The Calder Quartet (so-called after the sculptor Alexander Calder) got together as students at the University of Southern California and have since become hot property on the American chamber music circuit.
The photo next to their bio hints at the new-generation, new-world image they're going for: four chiselled young guys in skinny ties gaze coolly into the lens, Los Angeles skyline looming in the background.
In fact the way they played Mozart to open this recital and Mendelssohn to close it was pretty traditional. They're all impeccably schooled players and together make a fine, flexible sound. But it's nothing distinctive, and in an industry saturated with superlative young string quartets, distinctive is a must.
Part of the problem comes down to leader Benjamin Jacobson, whose delivery doesn't have enough character to really catch the ear. Mozart's Dissonance Quartet was bright but earnest; Mendelssohn's late String Quartet in F Minor Op 80 lacked the dark energy that can make this piece really terrifying.

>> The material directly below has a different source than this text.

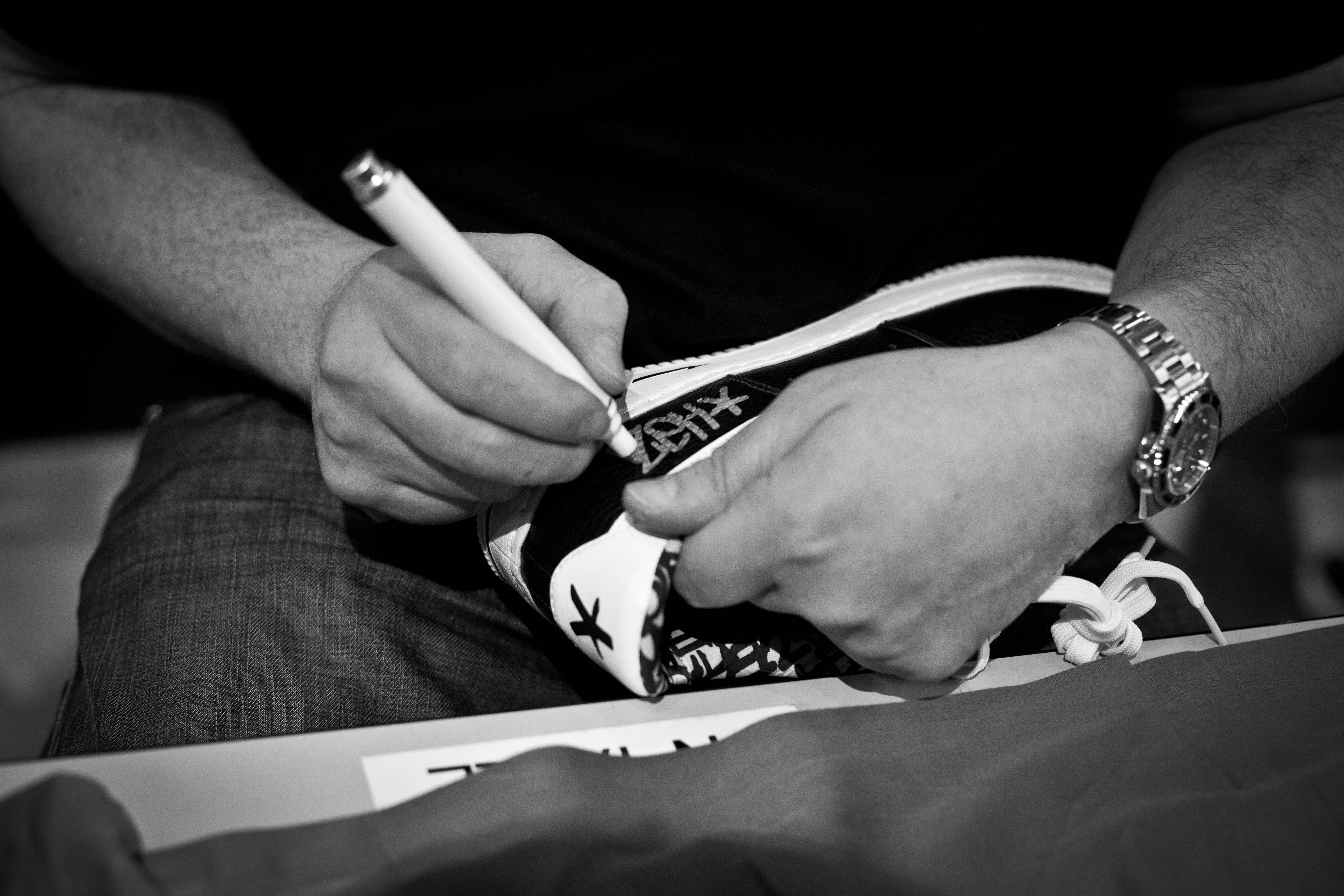 In a joint effort between Nike & legendary NYC graffiti artist Eric Haze, a new Air Force 1 was created. They were released this past Friday exclusively at NikeLab/21 Mercer and Haze himself was there to sign pairs for any fan. It was super frigid here in New York on Friday, but these AF1’s made it all worth the while.

The slow movement, especially, sounded more of a genial andante than the despairing Adagio Mendelssohn wrote after the death of his sister.

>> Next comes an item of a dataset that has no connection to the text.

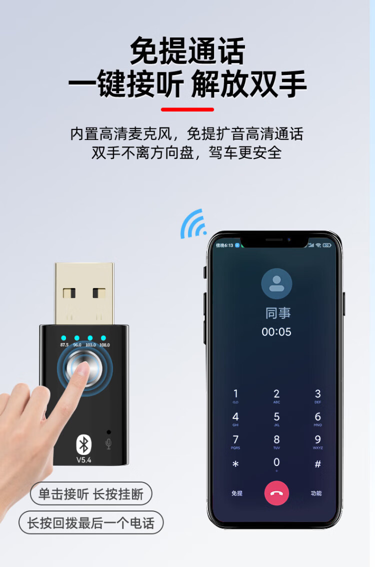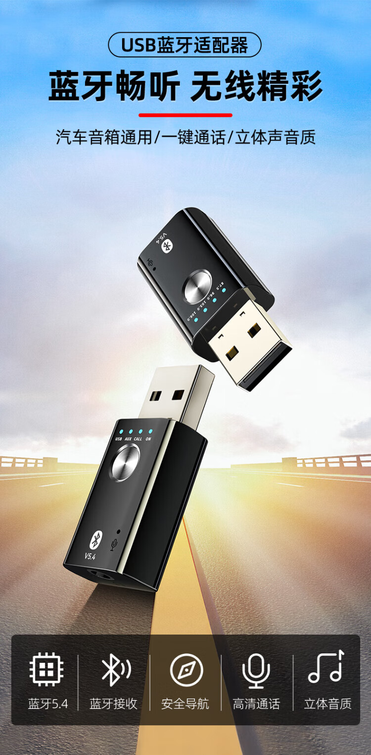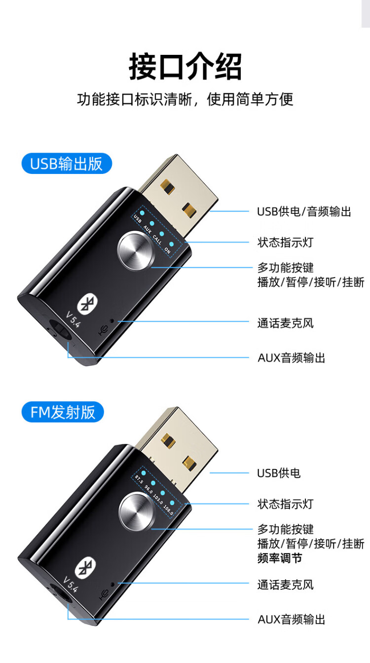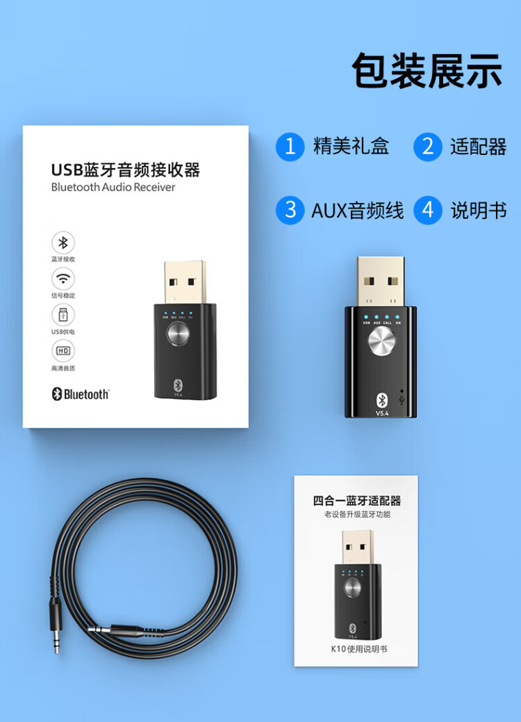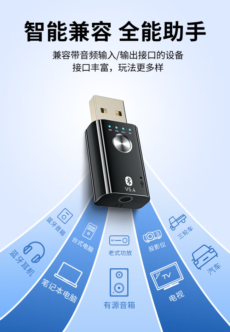 Biaz USB Bluetooth Adapter 5.4 receptor/transmisor de audio teléfono móvil dos en uno conectado a altavoces AUX del coche/audio/amplificador de potencia para llamadas/escuchar música/navegación

The Calders were more persuasive in newer music. They included a short work written last year by a fellow USC alumnus, Andrew Norman, whose "toward sunrise and the prime of light" uses piles of pretty harmonics to evoke sunrise inside Santa Sabina church in Rome.
The highlight of the programme was music by Thomas Adès, a composer the quartet has championed in the United States. His early Arcadiana is seven beautiful nocturnal vignettes that flit through snippets of near-quotation and reference – here sounding lucid and vibrant.